«

»

Kas 21

“SOYKIRIM!”

“SOYKIRIM!”

 

1944’te, Raphael Lemkin isminde bir Polonyalı-Yahudi, Avrupalı Yahudilerin imha edilmesi de dâhil, sistematik cinayet içeren Nazi politikalarını tanımlamaya çalışırken “Soykırım” kavramını kullanmıştır.

Bir sonraki yıl, Nuremberg’de toplanan Uluslararası Askerî Mahkeme’nin üst rütbeli Nazilere karşı suçlaması “insanlığa karşı işlenen suçlar”dı.

“Soykırım” kelimesi hukukî değil de, tanımlayıcı bir terim olarak o zaman iddianameye dâhil edildi.

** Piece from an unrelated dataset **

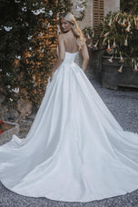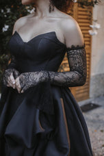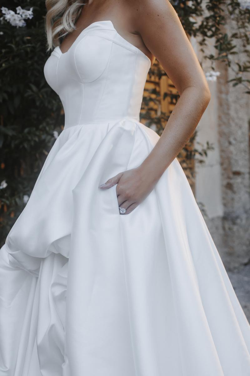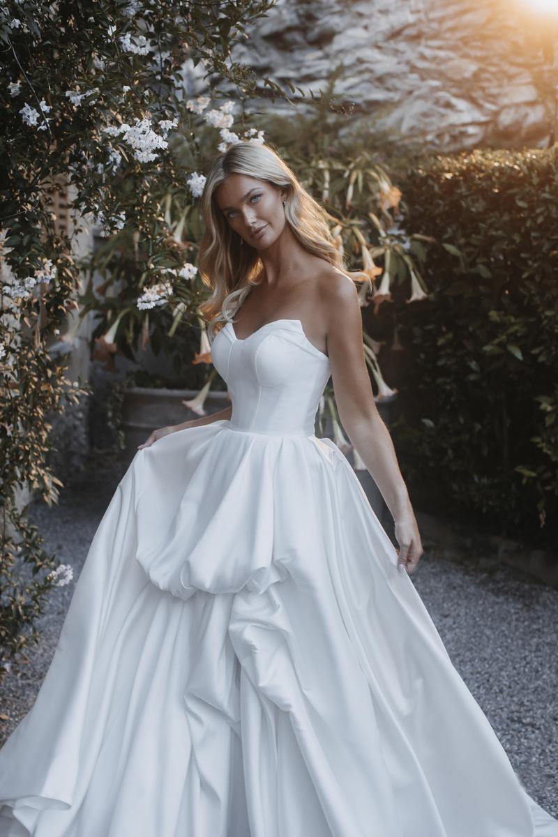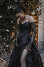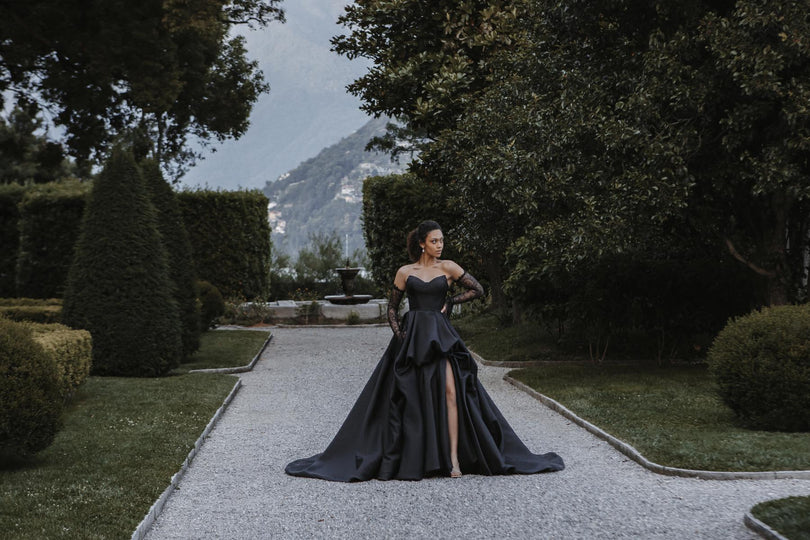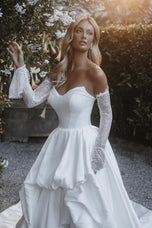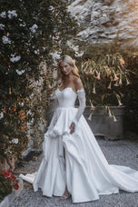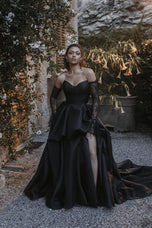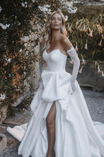Light plays beautifully over Nova's jaw-dropping Mikado ballgown silhouette, designed for the Spring 2024 bridal gown collection. Chic and minimalist, accented only by a dramatic gathered skirt and optional contrasting lace sleeves, we're loving her sophistication on modern edge. For the truly fashion-forward bride, we can think of nothing better for your formal wedding or stunning outdoor bridal setting. Finished with a geometric neckline and demurely sexy thigh-high slit.
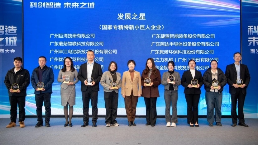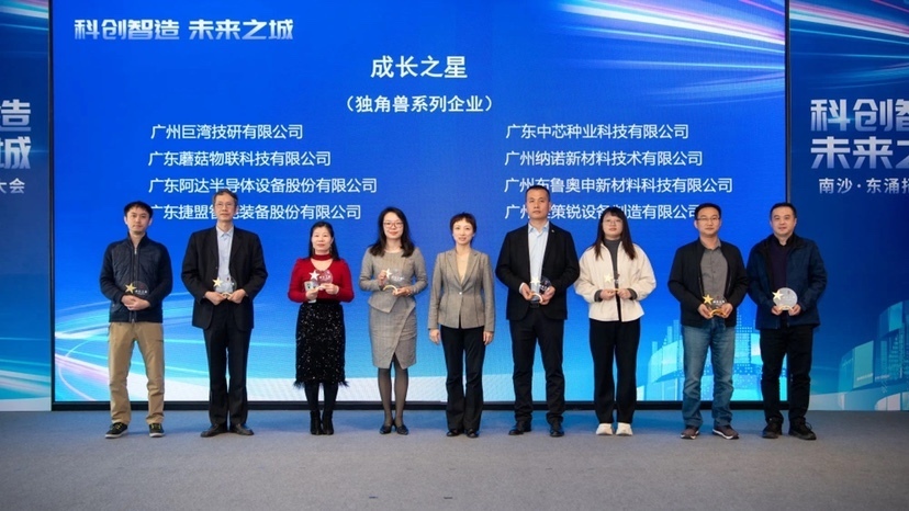颁奖仪式上,广州巨湾技研有限公司、广东中芯种业科技有限公司等8家独角兽系列企业获颁“成长之星”称号,另有广东捷盟智能装备股份有限公司、广东阿达半导体设备股份有限公司等一批专精特新企业分别获得“发展之星”“科创之星”称号。南沙区工信局局长李淑臻表示将与东涌镇一起继续加大专精特新中小企业培育,帮助企业拓展市场。

Birleşmiş Milletler, 9 Aralık 1948’de, Lemkin’in katkısıyla Soykırım Suçunun Önlenmesi ve Cezalandırılması Sözleşmesi’ni onayladı.

Demek ki 1915 olayları, 104 yıllık, soykırım (genocid) kavramı ise 75 yıllıktır.

Bugünün kavramıyla dünü yargılamaya kalkmaya tam anlamıyla anakronizm (tarih yanılgısı) denir.

Dahası Türklere yönelik soykırım iftira ve iddiaları daha Birinci Dünya Savaşı sonrasında sıcağı sıcağına İstanbul’da ve İngilizler tarafından da Malta’da kurulan mahkemede yargı konusu yapılmıştır. Yüzü aşkın Osmanlı yetkilisi, “Ermenileri Toplu olarak katlettikleri” iddiasıyla tutuklanmış ve Malta adasında yargılanmışlardır.

Soruşturmayı İngiltere’nin en üst düzey adli soruşturma kurumu olan Londra’daki İngiliz Kraliyet Başsavcılığı yürütmüştür.

İngiliz hükümetinin her türlü gayretine rağmen, Kraliyet Başsavcılığı “Bir İngiliz hukuk mahkemesince kabul edilebilir katliam kanıtı bulunamadığı” gerekçesiyle kovuşturmaya yer olmadığına yönelik karar vermiştir.

Dahası, 1948 tarihli BM Soykırım Sözleşmesi, bir olayın soykırım sayılabilmesi için öncelikle bu yönden verilmiş bir mahkeme kararının olmasını zorunlu saymaktadır.

1915 olaylarının soykırım olduğuna ilişkin ulusal ve uluslararası hiçbir mahkeme kararı yoktur. Aksine 1915 olaylarında soykırım olarak tanımlanacak bir katliam yapılmadığını hükme bağlayan İngiliz/Malta mahkemelerinin yargı kararları vardır.

 

Bugün böyle tamam da gün gelecek yarın sömürgecilik suç olarak ilan edilecek ve sömürgeci ülkeler hesap verecek.

Gün gelecek, Kızılderililerin yok edilmesi, siyah derililerin hukuklarının çiğnenmesinin hesabını birileri birilerinden soracaktır.

Yine gün gelecek 6 Ağustos’ta, Japonya’nın Hiroşima, 9 Ağustos’ta da Nagazaki kentlerine atılan atom bombası sonucu ilk aşamada 80 bin ve 1945 sonuna dek ise 140 bin kişinin ölümüne yol açmasından dolayı insan soyuna karşı işlenen en büyük suç olarak ABD yargılanacaktır.

Sonuçta güçlünün hukukun egemen olduğu bir yerde hiç kimse hiçbir şeye karşı sigortalı değildir. Gün gelir Irak’a “nükleer ve biyolojik silah var” diye müdahale de edilir. Türkiye de hiç hak etmediği suçlamalara muhatap olur.

Bundan kurtulmanın yolu güçlü olmaktan geçiyor. Ortada uluslararası hukuk yoktur, uluslararası güç vardır. Güçler liginde düşen eziliyor, düşmeyecek düşüreceksiniz!